Her story is that of grass to grace. Dr Ngozi Okonjo-Iweala has been the Board Chair of Gavi, the Vaccine Alliance, since 1 January 2016. Dr Okonjo-Iweala brings more than 30 years of development and financial expertise to the Gavi Board.

She has twice served as Nigeria's Finance Minister, most recently between 2011 and 2015 – a role that encompassed the coordinating Minister's expanded portfolio for the Economy. In 2006 she served as Foreign Affairs Minister.

She has also held several key positions at the World Bank, including as Managing Director.

Dr Okonjo-Iweala was a senior adviser at Lazard and served on the Rockefeller Foundation boards and the Center for Global Development.

She is also the chair of African Risk Capacity, a specialised agency of the African Union to help member states prepare for and respond to extreme weather events and natural disasters.

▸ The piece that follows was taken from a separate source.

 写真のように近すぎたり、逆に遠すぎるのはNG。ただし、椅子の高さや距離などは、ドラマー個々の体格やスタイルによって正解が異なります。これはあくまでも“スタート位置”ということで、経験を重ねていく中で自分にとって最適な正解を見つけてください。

She was named by Fortune magazine as one of the 50 most outstanding world leaders in 2015 and by Forbes for five consecutive years as one of the 100 most powerful women in the world. In 2014, Dr Okonjo-Iweala was recognised by Time magazine as one of the world's 100 most influential people.

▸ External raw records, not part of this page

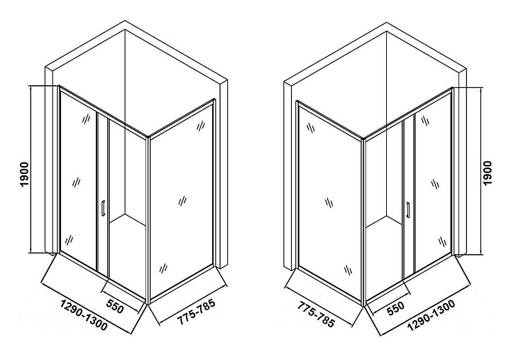 Уголок душевой ORANGE E23-13080TCR 130х80х190 см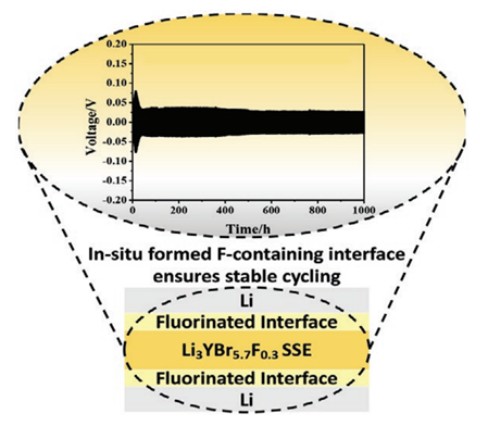 創(chuàng)新團隊以Li3YBr6(LYB)鹵化物固態(tài)電解質(zhì)為基體進行F摻雜,制備出了Li3YBr5.7F0.3固態(tài)電解質(zhì),該固態(tài)電解質(zhì)通過與金屬鋰原位生成高濃度氟化物界面鈍化層,顯著改善了鋰金屬負極在全固態(tài)電池的循環(huán)穩(wěn)定性,解決了鹵化物固態(tài)電解質(zhì)材料應(yīng)用于金屬鋰負極固態(tài)電池的關(guān)鍵技術(shù)瓶頸,為行業(yè)在高比能量全固態(tài)電池發(fā)展方面提供了新思路。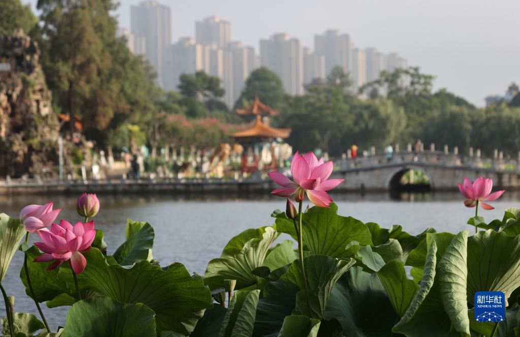 这是7月6日在昆明大观公园内拍摄的荷花。 新华社记者 陈欣波 摄

She was recently appointed the DG of WTO. A tough race that took a lot of determination and resilience.

Dr Ngozi Okonjo-Iweala was recently appointed the DG of WTO.

Conclusion

Dr Ngozi Okonjo-Iweala has been tried and tested, and she stood as the perfect role model for the African girl-child. Her resilience and determination are next to none, accompanied by her hardworking nature.

Every African child needs such a resilient spirit. Okonjo-Iweala character and attitude should be emulated by African women, including her mode of dressing, as it helps to uphold the 'Africanness' of the Africans.